A scraper to grab and publish TTC subway arrival times.
GNU General Public License v3.0
40 stars 30 forks source link

Thots on processing NTAS data #1

Open samkodes opened 7 years ago

samkodes commented 7 years ago

Hi Raphael – I have a few brief thoughts on beginning to process the NTAS data that I thought I’d share in case they’re helpful. I’d be happy to start playing with implementing this processing once some data is collected (even a day’s worth).

There are two general approaches that I think could be fruitfully combined. The first approach tries to reconstruct the system’s prediction model by extracting predicted travel times between stations and looking for typical and exceptional patterns (if the system is really dumb, there will be no exceptional patterns and all we’ll get is constant travel times between stations; if the system is smart, we’ll get more information – see below). The second approach tracks variation in predicted times for each train as it moves through the system.

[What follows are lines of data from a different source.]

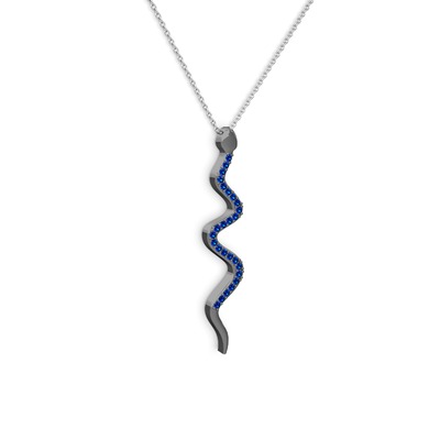 Lab safir 925 ayar siyah rodyum kaplama gümüş kolye (40 cm beyaz altın rolo zincir)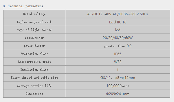 It has complied with the explosion-proof standard of the national authority, and is produced in full accordance with the national explosion-proof standard. It has explosion-proof and anti-static properties, meets the requirements of new LED explosion-proof lamps, and can work safely and reliably in flammable and explosive dangerous places.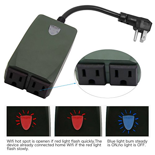 - √ WORK WITH ALEXA:Outdoor Outlet Works with Amazon Echo,Echo dot,Echo Show,Echo Tap Smart Speaker for voice and control On/Off,Timing and Timer by your IOS/Android Smart phone via free Alexa Socket Ⅱ APP.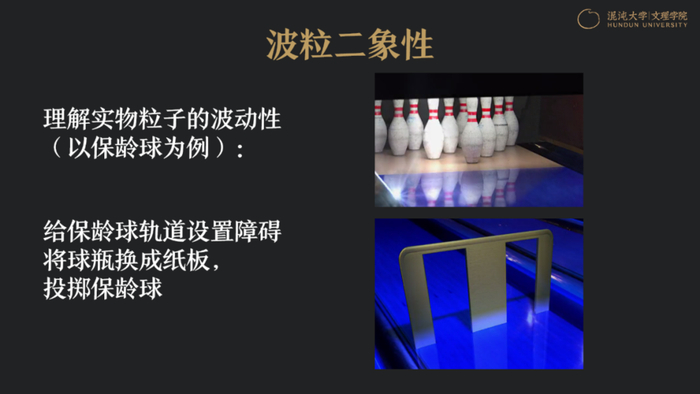 但是如果将保龄球换成是电子,将障碍设置为细、将纸板换成接收屏,我们会发现,最后在接收屏上的成像不是两个洞,而是一条又一条条纹状的成像。这就是量子描述的波动,波粒二象性,如果说保龄球是电子的保龄球,那么它也是波动性和粒子性并存。

Both approaches assume a database that stores a single train prediction per record, with some pre-processing done to create a field called PAT (predicted arrival time) – just createDate + timeInt. So a record would have stationId, trainId, PAT, createDate, etc. I’m assuming a trainId refers to a “run” of the train, as Sammi deGuzman’s blog suggests. If the same trainId appears on multiple runs, some time-based filtering will have to happen below to make sure we’re picking up only a single run of a train.

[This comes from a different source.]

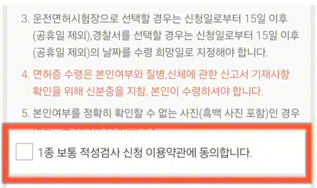 1. 이용약관·수수료 안내·면허 정보 확인 후 체크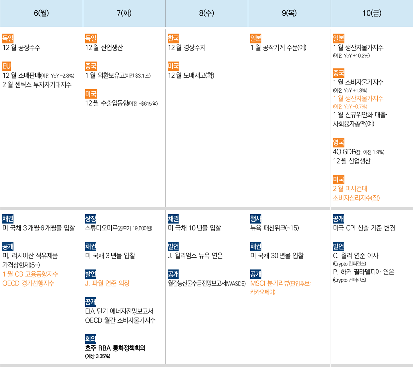 2/10(금) 중국 1월 생산자물가지수 미국 2월 미시건대 소비자심리지수

1) Reconstructing the system’s prediction model by extracting predicted travel times between stations.

Suppose we have two records with the same trainId and different stationId’s. Then subtracting PATs gives us a travel time estimate (TTE) between those stations (technically, it also includes load/unload times).

If the system is stupid, TTEs between any pair of stations will be constant. This means that there’s a very high degree of redundancy in the NTAS data and there’s no reason to save observations of the same train from multiple stations for future analysis (or alternatively, observations of the same train from multiple stations at different times can be combined very easily).

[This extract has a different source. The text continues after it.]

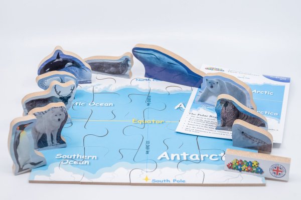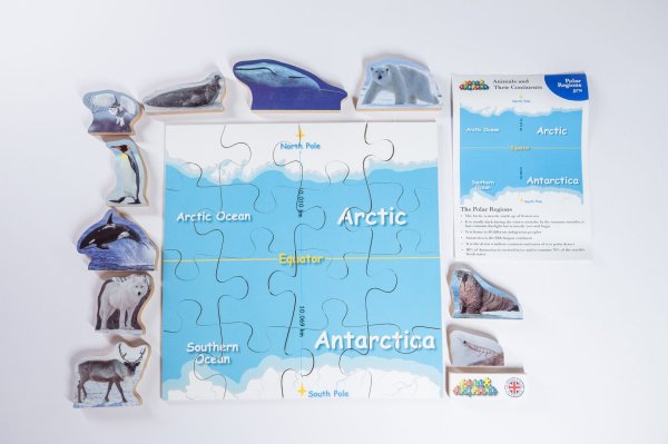 Just Jigsaws 776 Polárne oblasti a jej zvieratá - drevené puzzle 16 dielov 10 zvierat je vzdelávacia sada, ktorej zmyslom je zoznámiť deti s jednotlivými kontinentmi a ich faunou. Cieľom je správne poskladať mapu daného svetadielu a pomenovať všetky zvieratá, ktoré na ňom žijú. Sada obsahuje 10 reálne vyobrazených, voľne stojacich zvierat na MDF doske s hrúbkou 1,5 cm, 1 mapu kontinentu na MDF doske s hrúbkou 0,4 cm rozrezanú na 16 kusov a informačný list s jednoduchými vysvetľujúcimi informáciami o danom kontinente a niektorých jeho zvieratách. Toto edukatívne puzzle je skvelou voľbou pre všetkých, ktorí majú radi prírodu a zároveň deti chcú hravým spôsobom pripraviť na budúce hodiny zemepisu.

If the system is smart, TTEs could vary for a number of reasons:

Simply making a histogram of TTEs for any pair of stations should tell us whether the system is smart or not and what kinds of variations it might be picking up. If the system is smart, looking at unusual TTEs and seeing how they move around between stations might give us insight into how local delays propagate through the prediction model.

If building a table of TTEs, it’s probably a good idea to record the data the TTEs came from – i.e. the two original records that generate each TTE. The table should also contain a creationDate, though it’s not clear what that date should be if the records used to create the TTE have different times (they certainly will, since we’re doing low-frequency sampling). So record both creationDates?

Some filtering will be required when creating TTEs to use only records sampled close together in time (say, choose the closest times possible, and enforce some maximum time difference); this avoids junk estimates produced if traffic conditions change between the sampling of the two original records.

2) Tracking train predictions

Suppose we have multiple records with the same trainId and stationId. Order them by creationDate and subtract the first PAT from all the others (alternatively, could calculate running differences); augment each record by putting this difference in a field called “localDelay”. This seems good enough to start identifying problems. Comparing local delays across stations will also help describe how they propagate through the prediction model.